Despite the difficulty ATR has encountered in penetrating the U.S. turboprop market, company CEO Filippo Bagnato continues to express optimism that the Franco-Italian partnership will experience a resurgence in what perhaps represents its final frontier of a sort. Now controlling some 60 percent of the market for 50- to 90-seat airplanes based on unit sales backlogs, the last Western maker of 50-seat-category turboprops sees itself as a potential lifeline for small U.S. cities and communities that can no longer support the services of regional jets of any size.
“More than 500 fifty-seat jets have been or will be grounded in the U.S. in the next few years, underlining the fact that they are becoming more and more inefficient for airlines operating at the regional level,” said Bagnato. “The operational reality has changed, with increasing fuel prices and new scope clauses, and 50-seat regional jets [have] become [an] unviable solution...Some 20 percent of 50-seat regional jets have been withdrawn from 2005, and we consider this is just a beginning. The consequences for the U.S. passengers are a poorer network and service.”
Apart from larger prop-driven airplanes such as Fokker 50s, Saab 2000s and de Havilland Dash 8-300s, few of which still operate in the U.S., ATR counts more than 1,000 thirty-seat turboprops in service that will need replacing in the next few years. So although it has sold relatively few ATR 42-600s compared with the 68-seat ATR 72-600, ATR believes the need for replacement airplanes in the U.S. will drive demand for its 48-seat model and justify its production into the foreseeable future. Out of a projected 20-year market for 3,300 turboprops, 50-seaters will account for 10 percent, says ATR, meaning it expects enough demand to sell at least 15 ATR 42-600s a year.

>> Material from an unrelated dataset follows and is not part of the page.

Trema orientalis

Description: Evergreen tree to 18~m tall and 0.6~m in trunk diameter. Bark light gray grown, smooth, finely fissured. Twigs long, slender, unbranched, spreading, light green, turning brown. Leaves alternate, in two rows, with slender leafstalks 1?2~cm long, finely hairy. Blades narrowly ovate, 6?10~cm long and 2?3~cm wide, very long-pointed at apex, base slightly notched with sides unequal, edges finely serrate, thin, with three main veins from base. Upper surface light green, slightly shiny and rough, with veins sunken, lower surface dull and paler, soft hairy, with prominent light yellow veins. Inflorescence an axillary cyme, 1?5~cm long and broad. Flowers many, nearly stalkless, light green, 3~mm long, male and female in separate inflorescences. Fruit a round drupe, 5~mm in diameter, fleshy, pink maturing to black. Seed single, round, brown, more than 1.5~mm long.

“From September 2005 to September 2012, some 200 city pairs under 300 nautical miles have stopped being served; this is a decrease of some 26 percent of service,” said Bagnato. “More than 50 percent of these 200 city pairs were operated with 30- to 50-seat aircraft, and we understand there is a huge potential there for the ATR 42.”

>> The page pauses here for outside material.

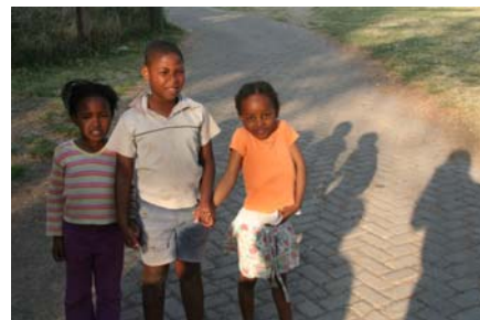
Three orphans who stole our hearts because of the love they showed for one another.

Now building 80 airplanes a year, ATR by far produces more ATR 72s than it does ATR 42s, and the company expects 70-seaters to account for half of the entire turboprop market over the next 20 years. Ninety-seat turboprops, to which ATR and Bombardier both remain officially uncommitted, will account for the remaining 40 percent, it reckons.
Of course, if a 90-seat turboprop were available today, U.S. regional airlines could not operate them due to the scope clauses written into the pilot contracts of their major airline counterparts. Bagnato said he expects further loosening of scope clause restrictions will eventually change that scenario for both manufacturers, but for now, one of his biggest challenges centers on placing ATR 72s in North America.
“ATR aircraft [are] the perfect aircraft for U.S. regional routes, some of which might be saved from extinction,” insisted Bagnato.
Until now, North American airlines have opted for the larger and faster Bombardier Q400, but Bagnato sounds convinced that more campaigns will tip in ATR’s favor as North American airlines come to appreciate the value of the improvements in the 600 Series–namely, a forward passenger door capable of accommodating jet bridges, a new interior, more powerful Pratt & Whitney PW127M engines and a new Thales avionics suite.
“U.S. regional airlines have not experienced yet the newest generation ATR -600s, but we are seeing all over the world the outstanding success and popularity of these aircraft,” said Bagnato. “We are convinced that once U.S. carriers have the chance to experience it, they will adopt it.”